Just like we did for daily and weekly, isolate the data for each of the three levels ("low", "med", and "high") and perform a one-way ANOVA on the height.



You can pass as many samples into the `f_oneway()` as needed.

```
st.f_oneway(sample_1, sample_2, sample_3)
```

### Basic two-way ANOVA

But what happens when we want to look at both factors?  Afterall it's reasonably to think that they could both have an effect.  

In this case we need a two-way ANOVA.  We are not going to dive into the math of the two-way ANOVA, but it basically works the same as the one way.  We are ultimately comparing in-group variance to between-group variance.

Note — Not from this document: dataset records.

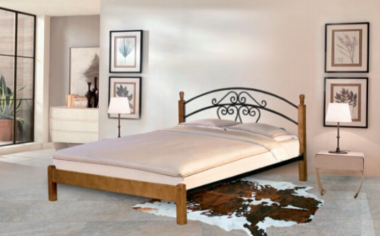 Размер на выбор заказчика. Каркас из металла и массива березы светлой расцветки. Округлое изголовье декорировано ковкой с легким завитушным узором в стиле модерн.
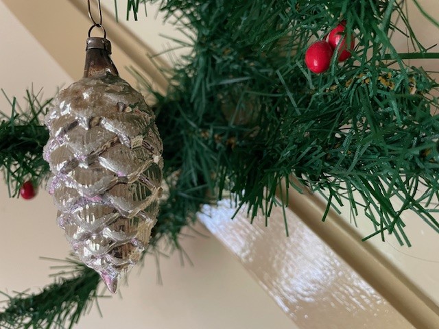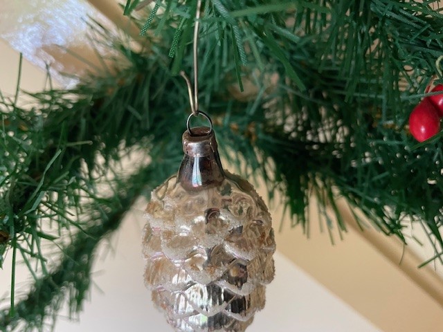 Antieke oude kerstbal uit het midden van de vorige eeuw, een dennenappel van dun geblazen glas in zilver en besneeuwd met glasgruis en witte verf. De dennenappel is tot aan het hangoog 8,5 cm. groot.(A)
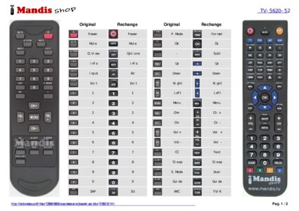 Accueil > Marques > Télécommande pour TV-5620-52 > Répartition interactive des touches TV-5620-52

The syntax is a little weird.  Just go with it.

```
model = ols('height ~ C(water) + C(sun)', data=df).fit()
sm.stats.anova_lm(model, typ=2)
```

You can google the `anova_lm` function to read about the input.  Or if you search for "two-way ANOVA Python" you'll find a lot of articles.  ANOVA is one of the most widely used statistical techniques so it's well documented.

### Two-way ANOVA with factor interaction

We just looked at the influence of both factors on the height, but what about the "factor interaction"?  What if the intense sunlight allows the plant to use more water, or if the daily watering schedule allowed the plant to more efficiently utilize the sunlight?  This would create a factor interact, where changing both of those variables together produced an outcome that was different than the effect of changing each one independently.

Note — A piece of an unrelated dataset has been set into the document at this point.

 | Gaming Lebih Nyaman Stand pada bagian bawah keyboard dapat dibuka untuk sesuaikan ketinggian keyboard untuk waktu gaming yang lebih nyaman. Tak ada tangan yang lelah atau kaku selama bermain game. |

We basically use the same cyntax as before, but we add a term for water-sun interaction like this:

`model = ols('height ~ C(water) + C(sun) + C(water):C(sun)', data=df).fit()`
`sm.stats.anova_lm(model, typ=2)`


We can see that we do not get a significant p-value for the interaction, so we cannot conclude that there is likely to be an additional effect when we change the level of both factors.

## Post-hoc

The ANOVA we just performed told us that there was liekly to be a difference between our populations, but it did not tell us *which* populations were likely to be different.  For that we need to do a post-hoc test.

We will use a basic test called *Tukey's range test* which is also often called *Tukey's HSD (honestly signficant difference) test*.

In this case we're going to skip the math altogether.  Just try the analysis.

`tukey = pairwise_tukeyhsd(endog=df['height'],groups=df['sun'],alpha=0.05)`       

`print(tukey)`


Now try it for the watering schedule.